(INPUT DATA)

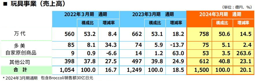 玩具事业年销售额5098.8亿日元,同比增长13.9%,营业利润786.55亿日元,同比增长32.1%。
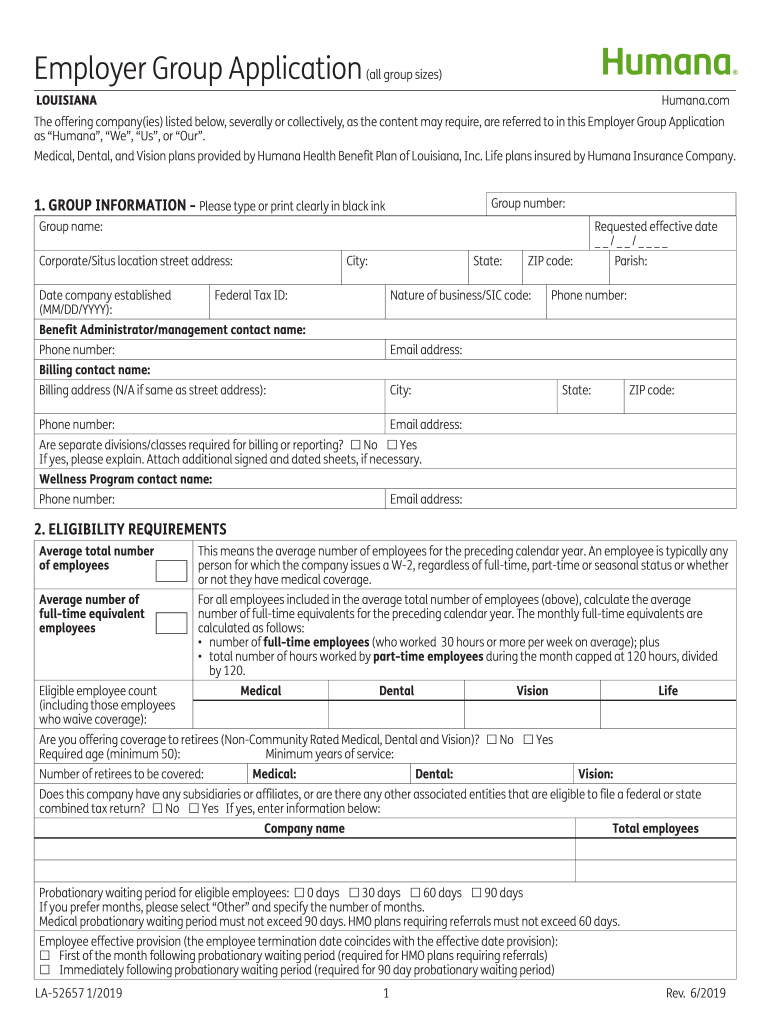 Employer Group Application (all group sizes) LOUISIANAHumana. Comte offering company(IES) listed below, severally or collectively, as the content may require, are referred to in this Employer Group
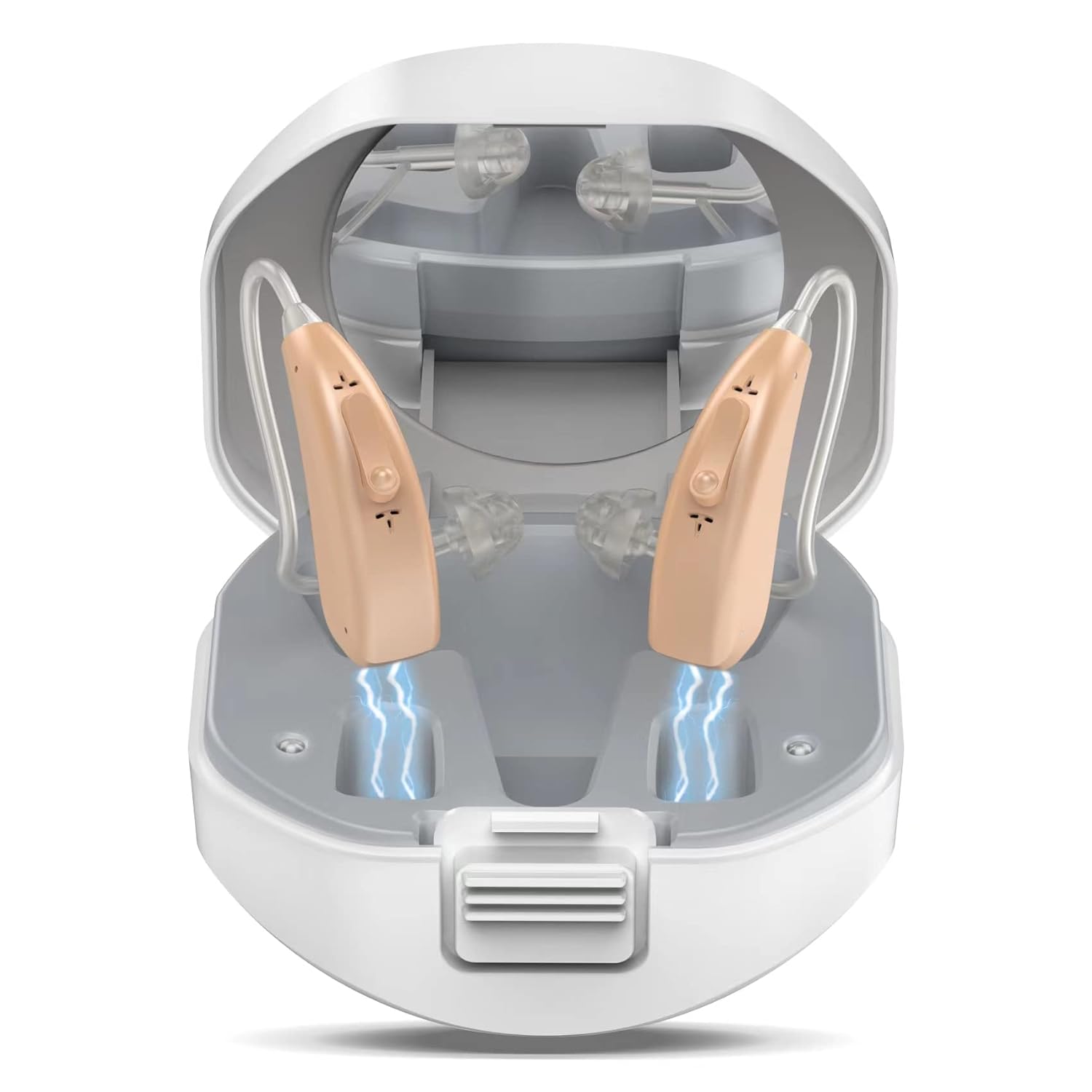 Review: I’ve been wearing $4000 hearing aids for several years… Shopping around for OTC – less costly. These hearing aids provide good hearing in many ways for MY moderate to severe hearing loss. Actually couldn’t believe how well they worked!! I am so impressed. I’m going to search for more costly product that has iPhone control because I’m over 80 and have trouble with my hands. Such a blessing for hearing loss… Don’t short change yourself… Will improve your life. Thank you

(End INPUT DATA)
(INPUT DATA)

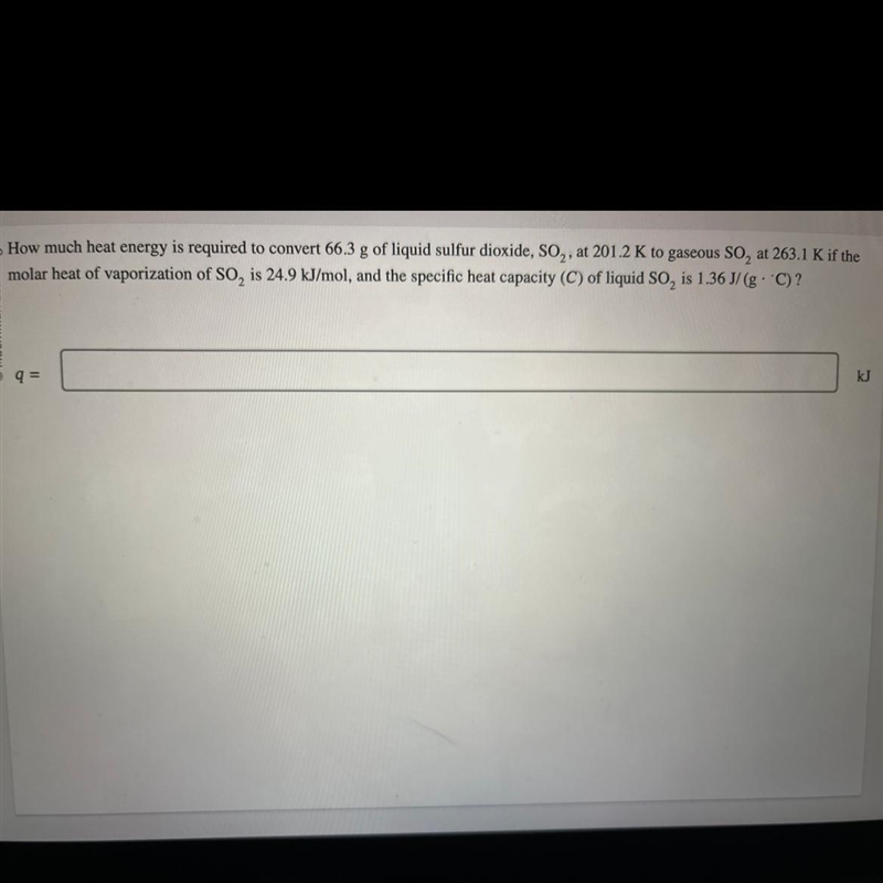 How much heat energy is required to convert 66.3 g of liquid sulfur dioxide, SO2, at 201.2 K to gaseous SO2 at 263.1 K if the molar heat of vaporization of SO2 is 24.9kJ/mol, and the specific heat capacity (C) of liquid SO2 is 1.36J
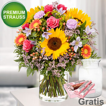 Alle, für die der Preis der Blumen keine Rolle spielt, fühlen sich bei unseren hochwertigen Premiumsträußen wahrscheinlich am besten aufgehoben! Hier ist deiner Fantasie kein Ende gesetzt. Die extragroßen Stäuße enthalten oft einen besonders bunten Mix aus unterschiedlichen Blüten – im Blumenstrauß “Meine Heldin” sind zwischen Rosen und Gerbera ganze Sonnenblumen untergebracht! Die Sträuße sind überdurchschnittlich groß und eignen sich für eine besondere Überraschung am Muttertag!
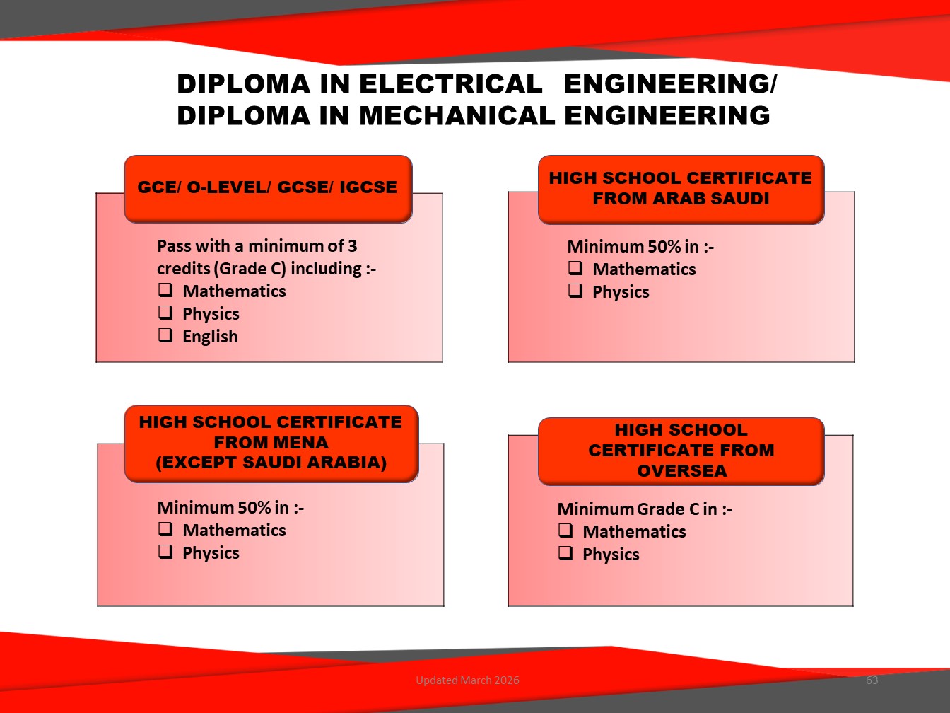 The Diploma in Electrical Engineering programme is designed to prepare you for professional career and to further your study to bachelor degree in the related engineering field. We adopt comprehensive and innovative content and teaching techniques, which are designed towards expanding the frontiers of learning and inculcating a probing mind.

(End INPUT DATA)

● **REQUIRED WORK**: Only one part of the listing is wanted: the lines from the one containing "How much heat" through the one containing "The Diploma in", both included. Please transcribe it exactly, leaving out the pictures.

● **TASK ANSWER**:
 How much heat energy is required to convert 66.3 g of liquid sulfur dioxide, SO2, at 201.2 K to gaseous SO2 at 263.1 K if the molar heat of vaporization of SO2 is 24.9kJ/mol, and the specific heat capacity (C) of liquid SO2 is 1.36J
 Alle, für die der Preis der Blumen keine Rolle spielt, fühlen sich bei unseren hochwertigen Premiumsträußen wahrscheinlich am besten aufgehoben! Hier ist deiner Fantasie kein Ende gesetzt. Die extragroßen Stäuße enthalten oft einen besonders bunten Mix aus unterschiedlichen Blüten – im Blumenstrauß “Meine Heldin” sind zwischen Rosen und Gerbera ganze Sonnenblumen untergebracht! Die Sträuße sind überdurchschnittlich groß und eignen sich für eine besondere Überraschung am Muttertag!
 The Diploma in Electrical Engineering programme is designed to prepare you for professional career and to further your study to bachelor degree in the related engineering field. We adopt comprehensive and innovative content and teaching techniques, which are designed towards expanding the frontiers of learning and inculcating a probing mind.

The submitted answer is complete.